Establishing operational limits. Conventionally, operational limits are set at levels that indicate a defined probability of some change in the analytic system. Control values reaching these limits should trigger rejection of an analytic run or at least require some response.

When several methodologies are are lumped together as one, there is a risk that the derived confidence limits may be meaningless. Each narrow peak represents the population distribution of the results of a specific instrument-reagent combination for a given control material. The broad bell-shaped curve represents the distribution obtained if all the individuals of all six populations are treated as a single normally distributed population. The extremities of this curve range well beyond those of the others.

Although a variety of statistical rules can be used to define them,1 all limits should be based on data accumulated from routine analytic runs by the individual laboratory. Limits that come from other sources--quality assurance programs or vendors, for example-- are not as relevant to the performance of the individual lab. In fact, these limits are often inappropriately wide because they have been constructed to include the divergent results of several methods. Such artificially wide control limits may convey a false sense of QC security (Figure II).

Insuring clinical relevance. In statistical analysis, we attempt to make generalizations and draw inferences about specific characteristics of a population by mathematically analyzing a sample. To be considered adequate, the sample must be representative of the population in question. In the same vein, laboratory quality control programs are designed to reflect what is occurring in the population of patient specimens during testing. Since this information is obtained by observing serial values of a control material, the medical relevance of our QC analysis rests on the assumption that the control material is in all ways similar to patient specimens.

The two most important functions of a QC product are its ability to detect system malfunctions that can affect patient specimens and its ability to quantitate that portion of test result variability due to random error in the analysis, as opposed to, say, pre-test variables or physiologic variation. In other words, the control material must adequately reflect what is happening to patient specimens. For that reason, materials selected must be, as much as possible, like actual patient specimens in composition.

A control sensitive to minor instrument malfunctions that have no impact on patient values is likely to cause a good deal of unnecessary troubleshooting. Conversely, an insensitive control material may allow significant changes in patient results to go unnoticed.

Many regional quality assurance programs perform extensive field testing on candidate controls to make sure the materials they use are appropriately sensitive. In addition, if a control specimen is to adequately reflect variability in results due to random analytic error, it must be handled in every way possible like an actual patient specimen.
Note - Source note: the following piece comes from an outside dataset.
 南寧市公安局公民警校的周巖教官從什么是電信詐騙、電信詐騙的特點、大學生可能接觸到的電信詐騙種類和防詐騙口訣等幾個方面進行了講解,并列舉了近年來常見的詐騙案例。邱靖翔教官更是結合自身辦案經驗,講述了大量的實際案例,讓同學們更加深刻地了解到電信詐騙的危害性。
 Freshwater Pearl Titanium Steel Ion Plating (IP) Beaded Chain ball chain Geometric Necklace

The control must be randomly placed in a test run just as patient specimens are--not always at the beginning or end or after a calibration step.

The logic used in drawing conclusions. When drawing conclusions from statistical analyses, we first accept several assumptions. We customarily assume that control preparations reflect what occurs with patient specimens. Another assumption is that of the "null hypothesis,' upon which we build the logic for our conclusions.2

The null hypothesis states that there is no difference between our observed data and the population in question. To test our assumption that the hypothesis is correct, we calculate the probability level at which our observed data fall in relation to the population. If this level indicates it is sufficiently improbable that the observed data are part of the population in question, we may conclude the data do not belong to the population. Thus our assumption is false, and we reject the null hypothesis. Conventionally, a probability level greater than 0.95 (a significance level of less than 0.05) results in rejection.

Clearly understanding this concept permits us to know our limitations. This approach allows us to draw only the conclusion that our data are different or have changed relative to the population of interest. It does not provide a logical basis to conclude that our data are the same or unchanged.

If results fall outside the mean 2 SD on a Shewhart (Levey-Jennings) chart, we conventionally conclude (at about the 95 per cent confidence level) that a real change has occurred in our testing procedure. On the other hand, if a result falls within these operational limits, we cannot automatically infer stability. We can conclude only that we have not convincingly demonstrated occurrence of a change. For example, if a test method experiences a sudden shift of exactly 2 SD, the probability that the next control value will fall out of conventional operational limits is only 50 per cent; the other 50 per cent of the time, we may falsely conclude that there has been no change.

This point must be kept in mind constantly: We cannot depend on control values alone to tell us that a real change has not occurred. We must be attuned to other signs of system malfunction and not ignore them when control results fall within acceptable limits. If we suspect a problem and wish to increase our certainty of detecting a real change, we must look at a greater number of controls.3 We can either place more controls into a run or closely observe several control values from consecutive runs for adverse trends. Another option is to narrow operational limits to less than the mean 2 SD.

There is a trade-off, however, since these actions increase the probability that a control value may fall out of range when, in fact, no analytic error has occurred. It should also be clear that a change in results may have occurred well before the analytic run in which the control first falls out of range. Thus a real change may have gone undetected for several runs.

Making peer group comparisons. The ability to develop very large lots of stable and homogeneous control materials was a major breakthrough in clinical lab quality assurance. It provided the means to compare the performance of laboratories participating in a quality assurance program and to evaluate instruments, reagents, and methodologies.

When making such comparisons, we naturally depend on some form of statistical analysis to give us a perspective on the data submitted by laboratories. The standard deviation interval (SDI) is a popular tool for comparing the monthly mean values of the various participants and is usually supplied to each subscriber as part of the QA program.

The concept of the SDI is straightforward. Peer laboratories are grouped on the basis of common methodologies. Each month, the overall mean value is calculated from the individual mean values of each lab in the group. The interlaboratory SD of the individual means is also computed. The SDI of each laboratory is the deviation of its monthly mean value from the group's overall mean in terms of the interlaboratory SD; it shows how many interlaboratory SDs the laboratory's mean value lies from the group mean. SDIs that lump all peer groups together may also be provided for additional information.

Since the SDI is quantitated in SDs, the distribution of individual results must be close to normal in order to convey the appropriate conceptual meaning. To accomplish this, quality assurance programs must make sure their peer groups consist of laboratories with very similar if not identica, methodologies.

Some programs repeatedly ignore this important issue and mix many disparate methodologies in a single peer group to enhance the database. Unfortunately, the SDI may then lose its ability to help laboratory directors pinpoint biases relevant to their labs and specific methodologies.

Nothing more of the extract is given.